On October 11, 1919, the Erfurt city council elected him unanimously as mayor. This made him the first to be appointed to office by a freely elected city council. He was considered an “old school” liberal expert.

Mann took over his office in a very troubled time. The city of Erfurt had been shaken by strikes and unrest since the November Revolution of 1918. The Kapp Putsch of the spring of 1920 was the climax of the civil war-like clashes between left workers on the one hand, vigilante groups, police and military on the other. Eight dead and numerous injured were to be mourned. The efforts of Mayor Mann and representatives of the moderate parties in the city council to defuse the situation were unsuccessful.

It was not until 1924 that the situation calmed down again, which was associated with the relative economic upswing of the “Roaring Twenties”, which actually only lasted five years. Under Mann and his building authority manager Johannes Klass, the city ​​of Erfurt implemented large-scale municipal projects such as the construction of the airport , the gas supply, the Nordbad (1925/28), the Mitteldeutsche Kampfbahn stadium (1927/31) and the surgical clinic of the municipal hospital (1928/29 ). The municipal Angermuseum became a center of modern art with the support of Mann, who was chairman of the art association according to the statutes. In 1929 it even succeeded in making Erfurt a university town again with a pedagogical academy . The old Erfurt academy of non-profit sciences was reactivated. On December 1, 1929, the “Mitteldeutsche Zeitung” wrote about Bruno Mann: “ The citizens have to thank him deeply for the fact that, despite the post-war and inflationary hardship, Erfurt has enjoyed an upswing that only a few German cities can record. "

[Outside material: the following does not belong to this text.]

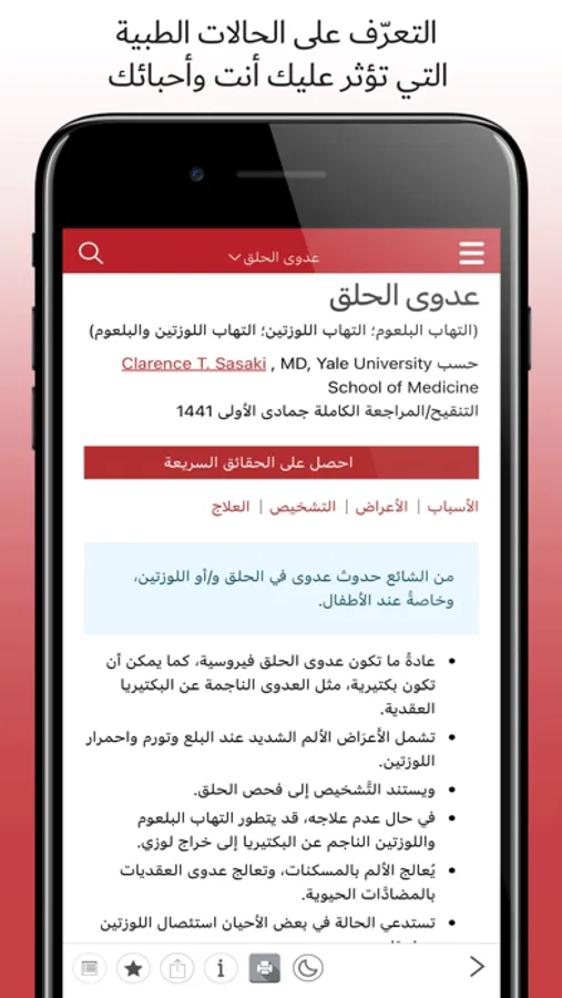 • موضوعات قابلة للبحث حسب الأعراض أو التشخيص أو العلاج، وكلها مكتوبة بلغة سهلة الفهم

In the local elections in 1929, the NSDAP-affiliated “ Greater German Freedom Movement ” won 10 out of 52 city council mandates with 17.8 percent, which attracted attention across the Reich. Bruno Mann now had to deal with their leader Adolf Schmalix and at times led four libel trials against him at the same time.

At the end of 1929, numerous companies in Erfurt had to close or lay off employees as a result of the global economic crisis. Public life largely collapsed, and even the Pedagogical Academy was closed again in 1932. In the summer of 1932, more than one in three Erfurt residents was unemployed, and the city had long since lost its balance. In the Reichstag elections of July 1932 , the NSDAP received 42.2 percent in Erfurt.

In 1933, at the age of 59, Bruno Mann was pushed into retirement by the National Socialists and on March 31, 1933, he spoke to the city council that he wanted to " solemnly let the new national spirit enter our town hall ". His successor was the National Socialist Theodor Pichier (1933–1935).

Bruno Mann was the grandfather of the jazz musician Klaus Doldinger .

literature

  • Steffen Raßloff : Civil War and the Roaring Twenties. Erfurt in the Weimar Republic . Sutton Verlag, Erfurt 2008, ISBN 978-3-86680-338-1 .
  • Steffen Raßloff: The Lord Mayor of Erfurt since 1872 . In: City and History. Magazine for Erfurt. Vol. 35 (2007), pp. 25-27.
  • Friedrich Henning: Bruno Mann. Lord Mayor of Erfurt from 1919 to 1933 . In: Erfurt home letter. No. 8, June 5, 1964, p. 53 f.
  • District Office Neukölln (Ed.): Rixdorf Town Hall - Neukölln Town Hall: On the occasion of the 100th anniversary. Berlin 2008, ISBN 978-3-00-026396-5 .

Web links

Individual evidence

  1. ^ Directory of the members of the Association of the Old Paulines in Leipzig 1937, ed. by Walter Seidel and Willmar Sichler, p. 32.